Humility and the Alluvial Fan
“Fishermen who miss church on holy days are not necessarily out of communication with God.” Paul Quinnett, Fishing Lessons.
We spent this past weekend in northern Colorado fishing, for us, new waters. Fishing reports were saying that the small streams in Rocky Mountain National Park were red hot and the Big Thompson below the Lake Estes was excellent. We left late Friday afternoon with high hopes, new flies, and expectations of the grand slam in RMNP: brown, brookie, cutthroat, rainbow.
Saturday in the Park was one of those days that I think Quinnett was referring to in the quote above. The pure grandeur of the Park was breathtaking. We first headed over to the Fern Lake trailhead, but it was so packed that we took the Park Ranger’s advice and headed over to the alluvial fan. We didn’t feel like fighting many folks — kind of naive in the Park on a beautiful fall day – but we did find a less-crowded place to park near the small stream. We put on a small dry and an ant and headed up stream.
We each had one fish in the first 30 minutes or so — a small brook and a small brown.

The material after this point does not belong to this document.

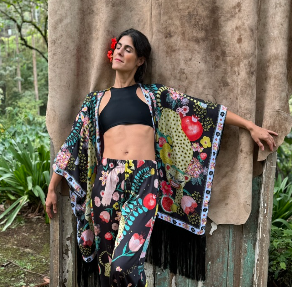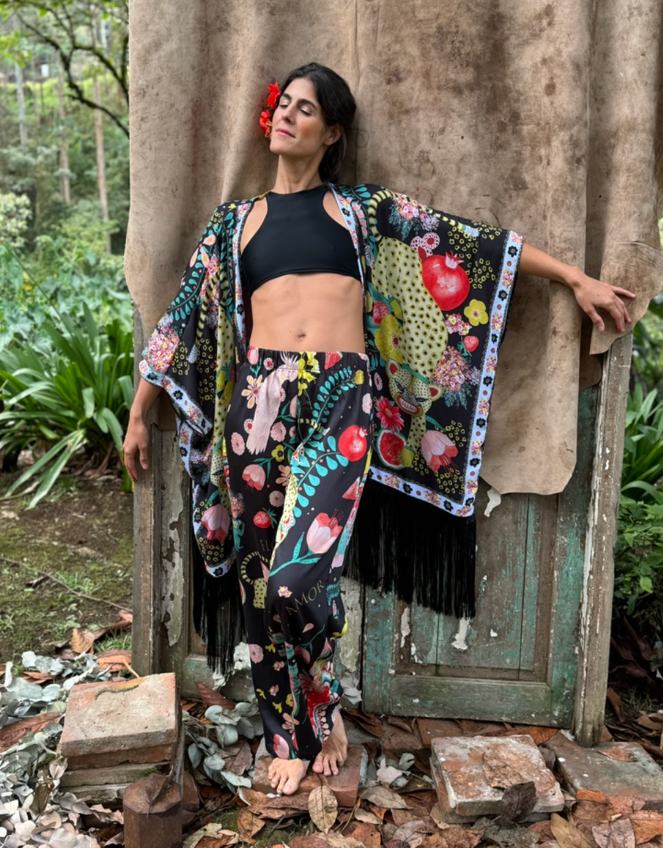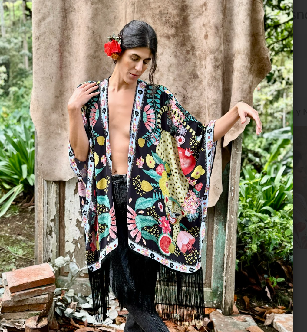 The Black Kimono is a statement piece that blends art and elegance seamlessly. Featuring a vibrant tropical-inspired design with exotic flora and fauna on a black base, this kimono is perfect for adding a bold touch to any outfit. The lightweight fabric drapes beautifully, while the fringe details along the hem add movement and charm. Its open-front style offers versatility, making it ideal for layering over casual or formal ensembles. Whether for a beach outing, a casual event, or a stylish night out, the Black Kimono embodies slow fashion and celebrates bold, artistic expression.

As we headed upstream, the fishing slowed some but the beauty of the region stayed constant. The weekend was one of those almost-classic fall days. The only thing missing, surprisingly, were the yellow aspens. Except for a few streaks of gold across the mountainsides, and a small patches ot two of gold, the leaves have not yet changed here.
By the end of the day, we each had another small brown — a humbling day for sure. The cloudless blue skies, hot sun, and beautiful stream meandering through the meadow were God’s communciation this day. On the way out of the Park we did see two beautiful herds of elk that served as another part of nature’s congregation.
Sunday morning arrived and we headed to fish the Big Thompson below Lake Estes for our return trip to the Springs. Perhaps it was my own reluctance to switch from dries and terrestrials to nymphs that ultimately resulted in the frustration by day’s end. Other than three strikes on a BWO and a Caddis, they were not taking anything we offered. Of course, we should have switched for a longer period of time to something underneath but I love the thrill of the dry-fly strike.
Two days prior, the river had been at 210 cfs. Sunday, it was reduced to 70 cfs. Maybe that contributed to our lackluster day on the Big Thompson. I spooked many a fish and spoiled some pretty good holes, no doubt, just in my approach. And maybe my own arrogance that they would certainly rise and take a BWO, an ant, a Red Quill — something on the surface — kept me from trying something else. In one beautiful pool, I watched as two beautiful cutthroats surfaced to take a look at the Caddis, then the yellow Sally, then the small ant — only to turn away, steady themselves back in the current, and rise to something just in the foamy surface.
Around 4:00, we broke down our rods, humbly and quietly slipped off our boots and wet-wading socks, and packed up the car. I wanted to curse the river and our bad luck — well, maybe I did curse it for a mile or two down highway 34. Then we turned a corner and saw, up on the rough out-cropping on the side of the hills, a small herd of Bighorn Sheep. The five or six Sheep were crowded on a very large rock, and they were surveying the hillside and the valley below. We pulled over and watched them for a few minutes, the sound of the Big Thompson in the backdrop, the final light of the day illuminating the Sheep.
And I thought of the quote from Quinnett above. I would have loved to have caught a fish on this fall Sunday. But at that moment in the evening, I didn’t really need to.